Ast1, Exo1 and Rad2 play a role in DSB repair. (A) ChIP and qPCR of HA-Ast1, Myc-Exo1 and Myc-Rad2 strains before and after the induction of a site-specific DSB using an HO endonuclease. Graph shows the mean±s.e.m. (n=3–6) for each data point. RPA-GFP and Rad52-YFP are used as positive controls. Following induction of the break, all nucleases and positive controls are recruited to the DSB. A control primer, act1, was used for qPCR. Cutting efficiency for the inducible HO endonuclease in this system is ∼20% of chromatids. (B) Quantification of RPA-GFP and Rad51 focus formation before and after treatment with 50 J/m² UV or 0.5 mU Bleomycin for the indicated strains by microscopy following the time course described in Figure 4. Graph shows the mean±s.d. for each data point (n=3). Fewer foci are seen in the rad2Δ exo1-so and ast1Δ rad2Δ exo1-so strains following UV and Bleomycin treatment than in the wild-type strain. (C) Quantification of the recombinants produced in a single-stranded annealing assay for the indicated strains. Both ast1Δ and exo1Δ single mutants had a reduced capacity for single-strand annealing as measured by this assay.

Figure 7

Cells lacking ast1, exo1 and rad2 have a defect in ssDNA production. (A) Non-denaturing Southern blot of the indicated strains treated with the indicated doses of UV following the time course described in Figure 4. The blot performed under native conditions (20 × SSC) is shown at the top of the figure while the denaturing Southern blot loading control is shown underneath. As seen in the native Southern blot, the wild-type strain had an increase in ssDNA production following UV treatment.
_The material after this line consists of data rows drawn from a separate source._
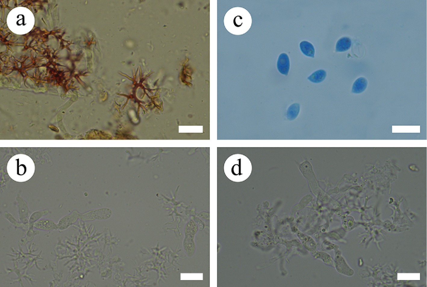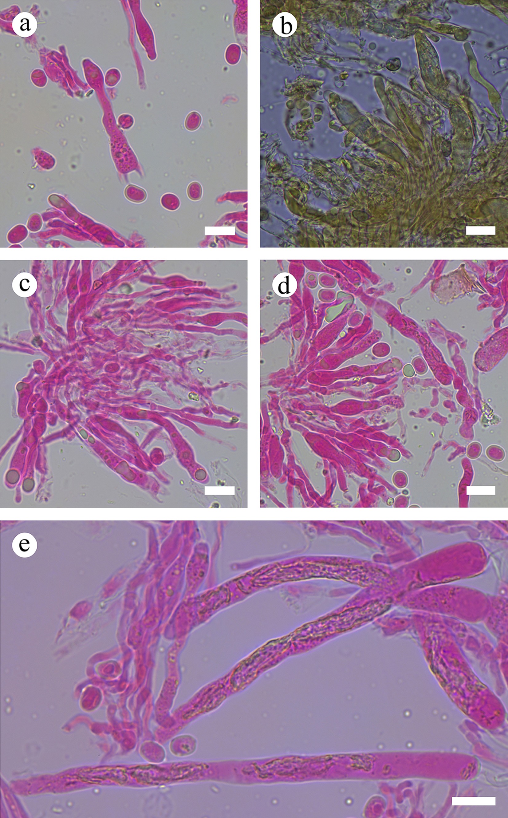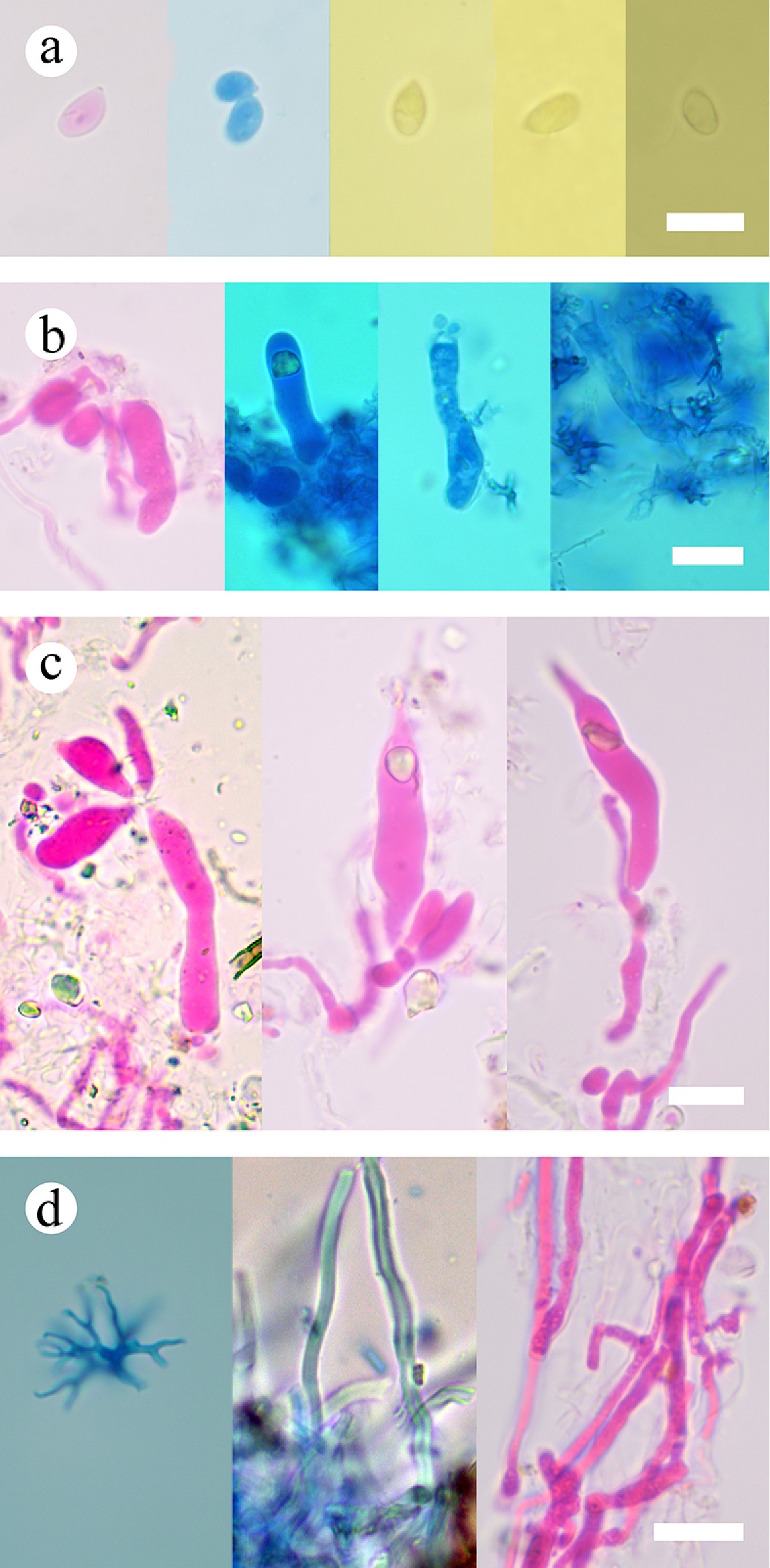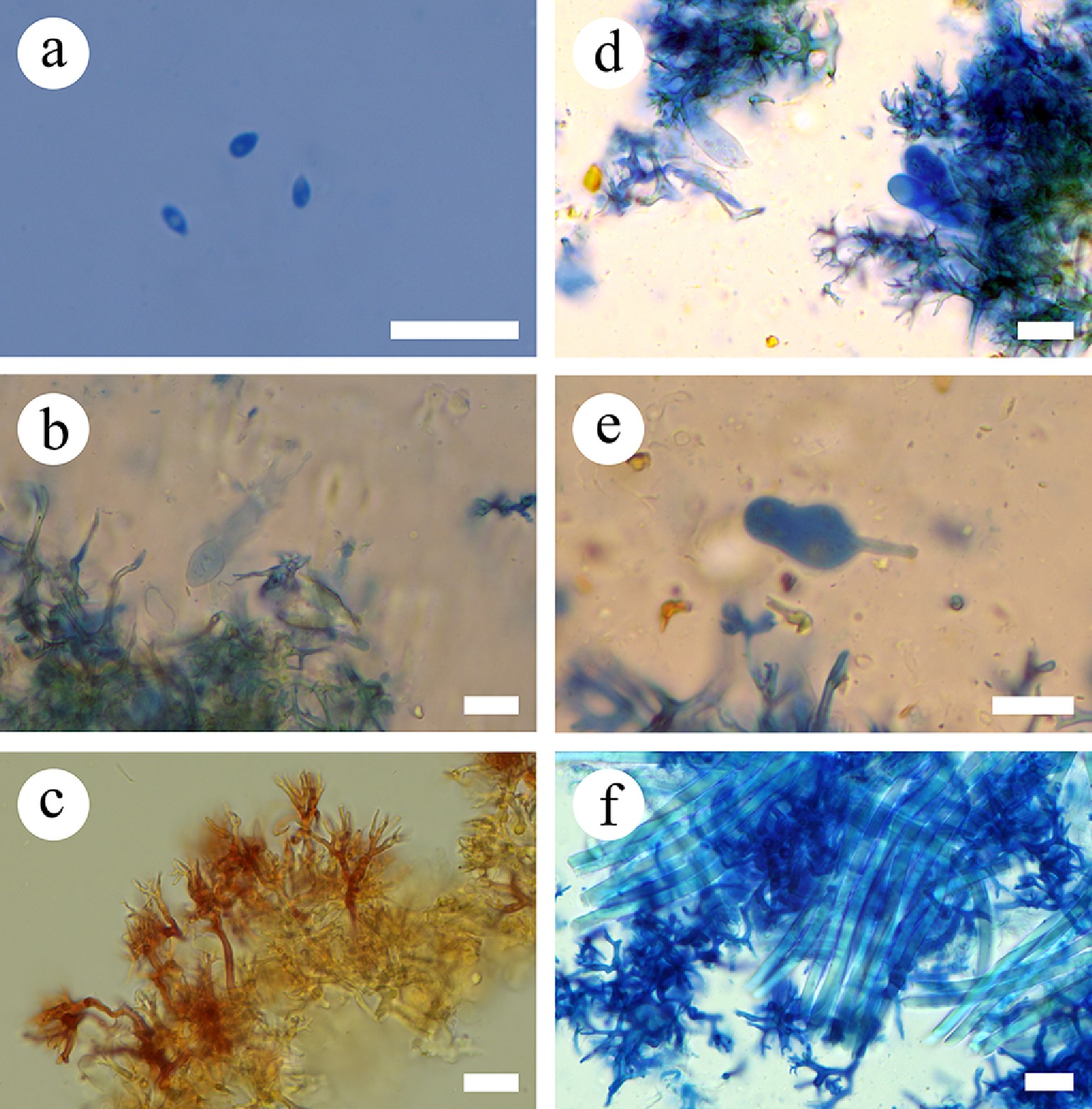 Sections of hymenium of Stereum convolutomarginatum (holotype). (a), (c) Section of hymenium. (b) Skeletal hyphae. (d) Basidiospores. Scale bars: (a)–(d) = 10 µm.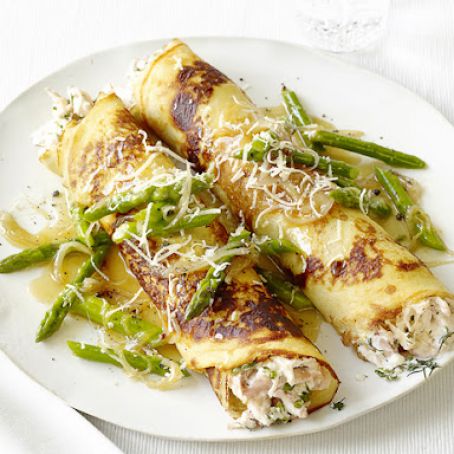 Filled store-bought crepes with shredded rotisserie chicken, ricotta cheese and herbs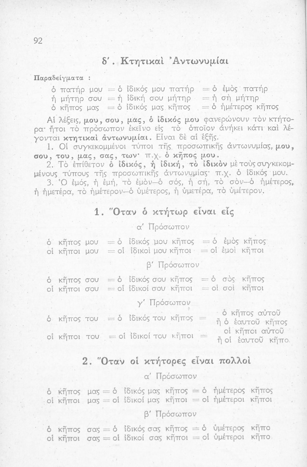 Σχολικό εγχειρίδιο γραμματικής για τους μαθητές της Ε΄ και ΣΤ΄ τάξης του Δημοτικού. Περιέχει τη διδασκαλία της γραμματικής της καθαρεύουσας με κανόνες και παραδείγματα.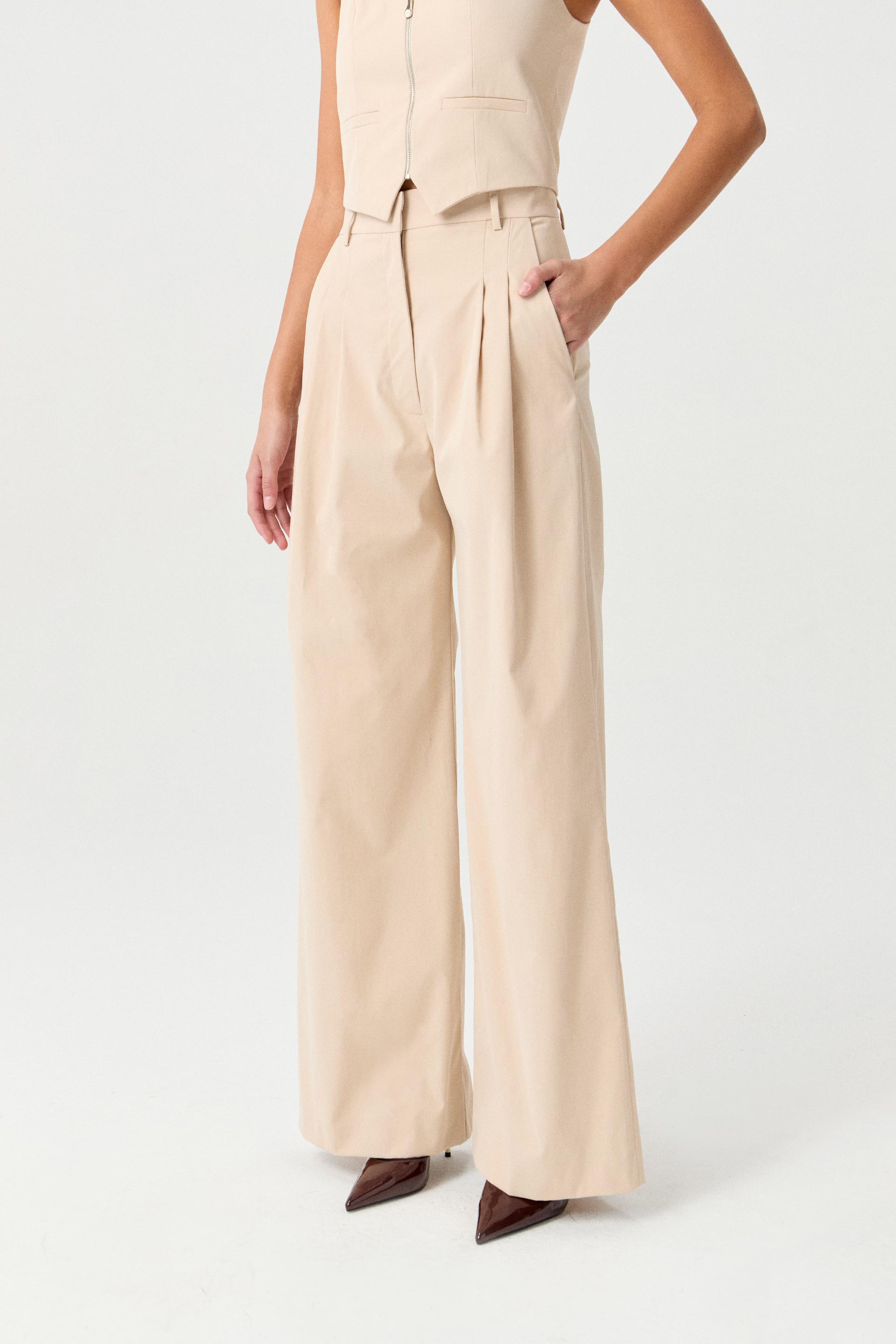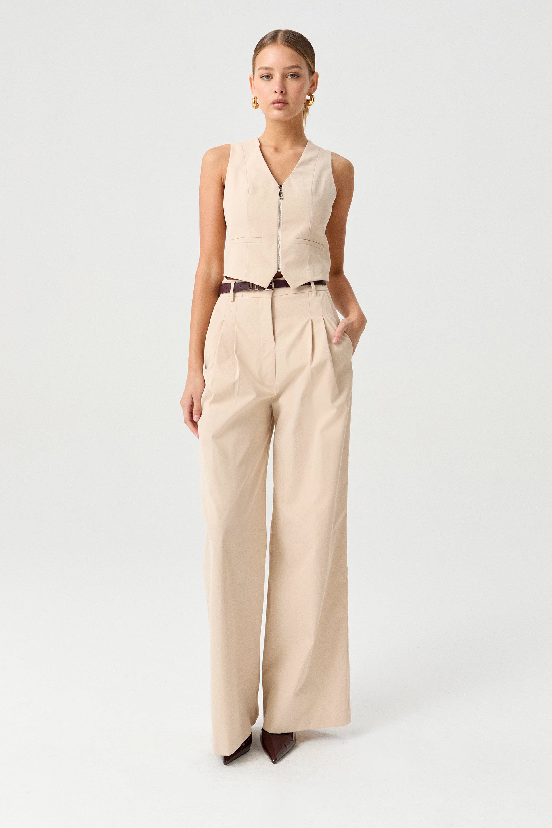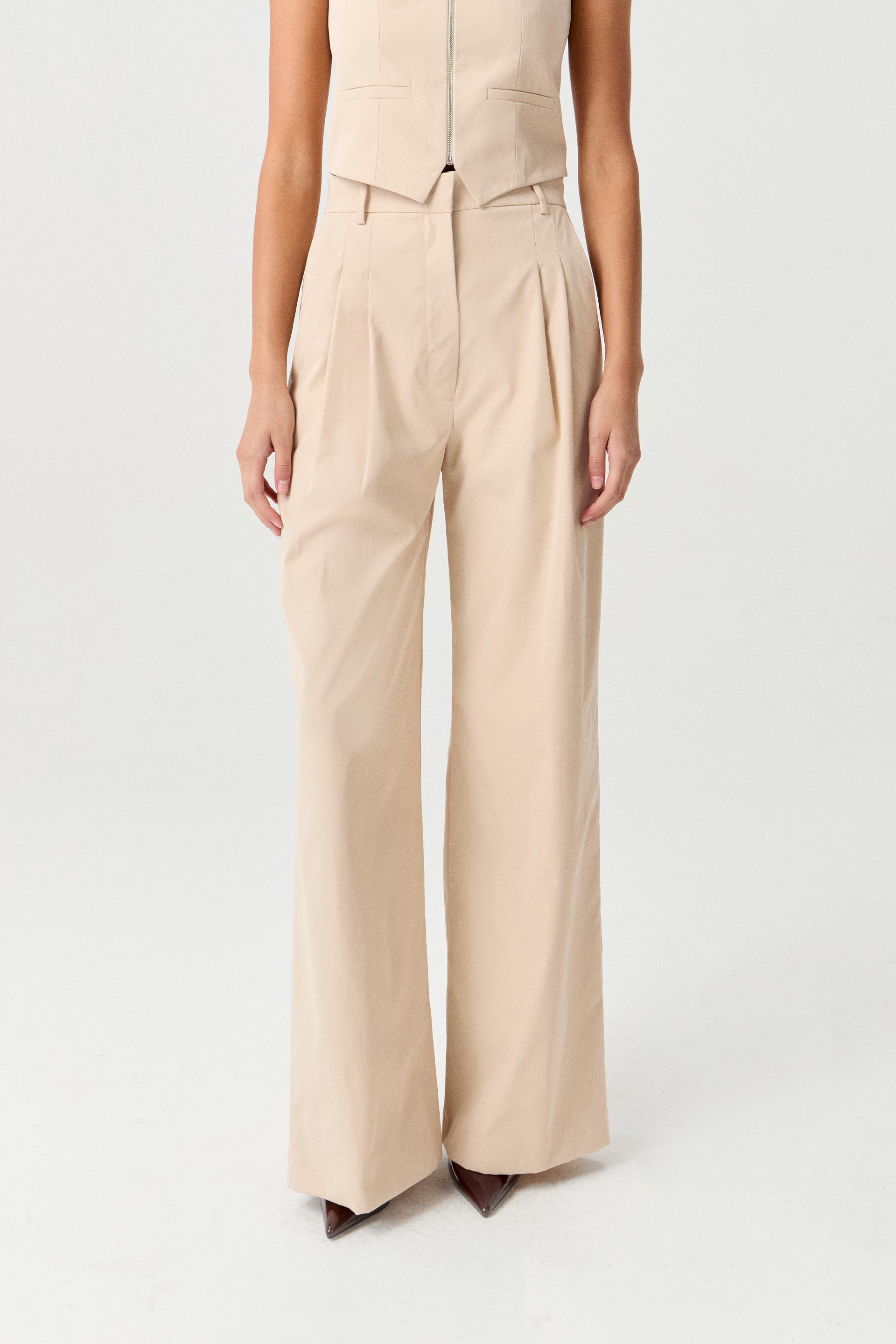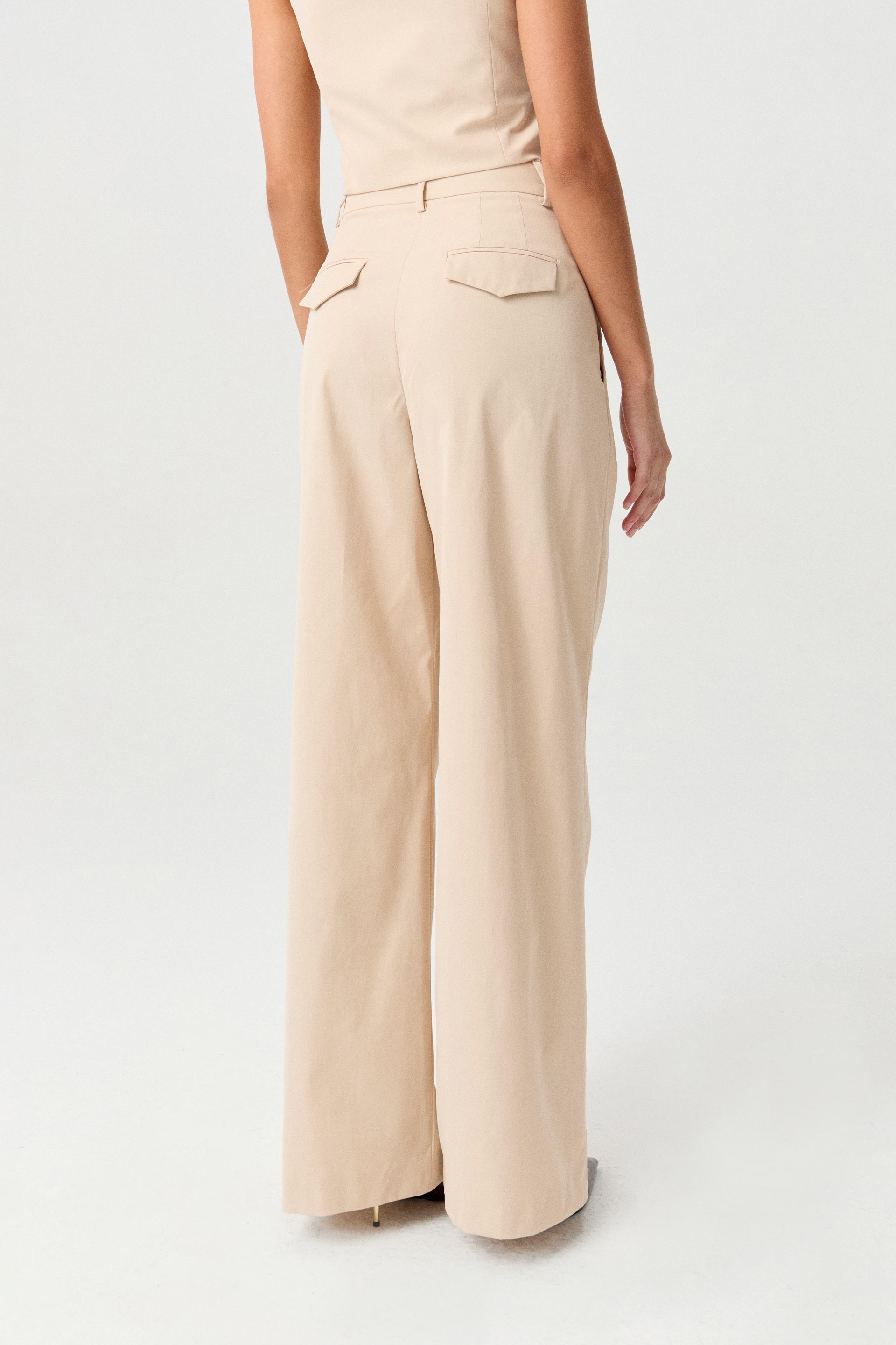 Pantalón de sastrería twill, tiro alto y pierna ancha. Posee doble tabla en delantero, bolsillos diagonales y cintura con presillas. Combinalo con el chaleco Tony para armar un total look moderno ideal para un evento o una salida.

The rad2Δ exo1-so strain did not have an increase in ssDNA production while the ast1Δ rad2Δ exo1-so strain had a small increase. The denaturing Southern blot shows a 4.5-kb band of the same intensity for all strains under all conditions as a loading control. The probe used for both Southern blots is an XhoI and KpnI fragment that recognizes the non-transcribed spacer (NTS) region of the S. pombe rDNA locus. The quantification of signal is in arbitrary phosphorimager units, corrected to the loading control (the corresponding track in the denatured transfer), and normalized to unirradiated wild-type cells. (B) qPCR analysis of in vivo resection of an I-PpoI-induced DSB within the 28S gene of the rDNA repeats. Cutting efficiency in this system is ⩾90% of rDNA repeats. The restriction map shows the position of sites on each side of the I-PpoI site used in the analysis where numbers indicate nucleotides, and the arrow depicts the direction of transcription. Data are mean±s.d. for three independent experiments.